--- Material to process ---
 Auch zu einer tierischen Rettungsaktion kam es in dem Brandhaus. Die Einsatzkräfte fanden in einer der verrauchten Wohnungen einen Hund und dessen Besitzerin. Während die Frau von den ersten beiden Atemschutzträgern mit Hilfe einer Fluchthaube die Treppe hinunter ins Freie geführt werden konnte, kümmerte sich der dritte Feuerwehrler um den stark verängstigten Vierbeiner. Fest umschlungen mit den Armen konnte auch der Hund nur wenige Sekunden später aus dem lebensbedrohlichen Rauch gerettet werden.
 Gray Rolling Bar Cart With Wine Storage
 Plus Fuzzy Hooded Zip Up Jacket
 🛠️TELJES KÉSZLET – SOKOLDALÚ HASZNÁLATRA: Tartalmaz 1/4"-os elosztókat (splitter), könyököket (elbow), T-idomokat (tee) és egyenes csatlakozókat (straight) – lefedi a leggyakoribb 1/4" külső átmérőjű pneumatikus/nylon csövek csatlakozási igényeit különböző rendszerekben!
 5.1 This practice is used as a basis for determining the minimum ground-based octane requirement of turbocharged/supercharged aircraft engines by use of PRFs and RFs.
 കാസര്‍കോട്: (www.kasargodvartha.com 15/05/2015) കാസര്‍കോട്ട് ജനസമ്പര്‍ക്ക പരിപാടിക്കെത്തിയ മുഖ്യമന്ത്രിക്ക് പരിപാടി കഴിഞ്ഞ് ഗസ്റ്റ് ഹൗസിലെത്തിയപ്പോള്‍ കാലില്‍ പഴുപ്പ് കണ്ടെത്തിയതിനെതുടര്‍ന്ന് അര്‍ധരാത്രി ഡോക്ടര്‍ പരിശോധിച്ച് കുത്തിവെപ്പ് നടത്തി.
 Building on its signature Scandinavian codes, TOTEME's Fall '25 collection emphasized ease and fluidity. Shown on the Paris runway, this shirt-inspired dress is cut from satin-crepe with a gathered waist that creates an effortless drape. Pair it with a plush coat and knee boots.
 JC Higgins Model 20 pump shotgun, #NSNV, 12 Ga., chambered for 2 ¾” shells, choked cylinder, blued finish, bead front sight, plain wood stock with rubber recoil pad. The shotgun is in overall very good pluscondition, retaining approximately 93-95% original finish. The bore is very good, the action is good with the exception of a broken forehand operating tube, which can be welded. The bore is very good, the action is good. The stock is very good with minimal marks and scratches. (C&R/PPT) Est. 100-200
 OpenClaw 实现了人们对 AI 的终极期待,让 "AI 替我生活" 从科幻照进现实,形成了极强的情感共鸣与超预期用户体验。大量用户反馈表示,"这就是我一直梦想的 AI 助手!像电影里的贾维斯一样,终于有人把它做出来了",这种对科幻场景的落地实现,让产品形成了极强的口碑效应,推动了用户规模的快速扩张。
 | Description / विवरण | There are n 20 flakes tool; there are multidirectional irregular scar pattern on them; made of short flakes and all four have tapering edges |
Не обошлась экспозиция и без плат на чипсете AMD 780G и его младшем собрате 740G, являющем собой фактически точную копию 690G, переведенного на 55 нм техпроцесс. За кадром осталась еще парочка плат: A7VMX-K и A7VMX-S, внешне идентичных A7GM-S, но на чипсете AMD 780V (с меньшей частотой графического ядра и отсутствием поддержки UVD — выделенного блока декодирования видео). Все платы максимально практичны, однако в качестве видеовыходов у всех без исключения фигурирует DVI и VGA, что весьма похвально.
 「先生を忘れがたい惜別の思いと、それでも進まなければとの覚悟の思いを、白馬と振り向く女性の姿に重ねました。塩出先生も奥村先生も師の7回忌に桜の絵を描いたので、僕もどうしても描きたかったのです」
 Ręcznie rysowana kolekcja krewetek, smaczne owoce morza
---
In your answer, reproduce every entry exactly as it was written.

# Result of the task:
 Auch zu einer tierischen Rettungsaktion kam es in dem Brandhaus. Die Einsatzkräfte fanden in einer der verrauchten Wohnungen einen Hund und dessen Besitzerin. Während die Frau von den ersten beiden Atemschutzträgern mit Hilfe einer Fluchthaube die Treppe hinunter ins Freie geführt werden konnte, kümmerte sich der dritte Feuerwehrler um den stark verängstigten Vierbeiner. Fest umschlungen mit den Armen konnte auch der Hund nur wenige Sekunden später aus dem lebensbedrohlichen Rauch gerettet werden.
 Gray Rolling Bar Cart With Wine Storage
 Plus Fuzzy Hooded Zip Up Jacket
 🛠️TELJES KÉSZLET – SOKOLDALÚ HASZNÁLATRA: Tartalmaz 1/4"-os elosztókat (splitter), könyököket (elbow), T-idomokat (tee) és egyenes csatlakozókat (straight) – lefedi a leggyakoribb 1/4" külső átmérőjű pneumatikus/nylon csövek csatlakozási igényeit különböző rendszerekben!
 5.1 This practice is used as a basis for determining the minimum ground-based octane requirement of turbocharged/supercharged aircraft engines by use of PRFs and RFs.
 കാസര്‍കോട്: (www.kasargodvartha.com 15/05/2015) കാസര്‍കോട്ട് ജനസമ്പര്‍ക്ക പരിപാടിക്കെത്തിയ മുഖ്യമന്ത്രിക്ക് പരിപാടി കഴിഞ്ഞ് ഗസ്റ്റ് ഹൗസിലെത്തിയപ്പോള്‍ കാലില്‍ പഴുപ്പ് കണ്ടെത്തിയതിനെതുടര്‍ന്ന് അര്‍ധരാത്രി ഡോക്ടര്‍ പരിശോധിച്ച് കുത്തിവെപ്പ് നടത്തി.
 Building on its signature Scandinavian codes, TOTEME's Fall '25 collection emphasized ease and fluidity. Shown on the Paris runway, this shirt-inspired dress is cut from satin-crepe with a gathered waist that creates an effortless drape. Pair it with a plush coat and knee boots.
 JC Higgins Model 20 pump shotgun, #NSNV, 12 Ga., chambered for 2 ¾” shells, choked cylinder, blued finish, bead front sight, plain wood stock with rubber recoil pad. The shotgun is in overall very good pluscondition, retaining approximately 93-95% original finish. The bore is very good, the action is good with the exception of a broken forehand operating tube, which can be welded. The bore is very good, the action is good. The stock is very good with minimal marks and scratches. (C&R/PPT) Est. 100-200
 OpenClaw 实现了人们对 AI 的终极期待,让 "AI 替我生活" 从科幻照进现实,形成了极强的情感共鸣与超预期用户体验。大量用户反馈表示,"这就是我一直梦想的 AI 助手!像电影里的贾维斯一样,终于有人把它做出来了",这种对科幻场景的落地实现,让产品形成了极强的口碑效应,推动了用户规模的快速扩张。
 | Description / विवरण | There are n 20 flakes tool; there are multidirectional irregular scar pattern on them; made of short flakes and all four have tapering edges |
Не обошлась экспозиция и без плат на чипсете AMD 780G и его младшем собрате 740G, являющем собой фактически точную копию 690G, переведенного на 55 нм техпроцесс. За кадром осталась еще парочка плат: A7VMX-K и A7VMX-S, внешне идентичных A7GM-S, но на чипсете AMD 780V (с меньшей частотой графического ядра и отсутствием поддержки UVD — выделенного блока декодирования видео). Все платы максимально практичны, однако в качестве видеовыходов у всех без исключения фигурирует DVI и VGA, что весьма похвально.
 「先生を忘れがたい惜別の思いと、それでも進まなければとの覚悟の思いを、白馬と振り向く女性の姿に重ねました。塩出先生も奥村先生も師の7回忌に桜の絵を描いたので、僕もどうしても描きたかったのです」
 Ręcznie rysowana kolekcja krewetek, smaczne owoce morza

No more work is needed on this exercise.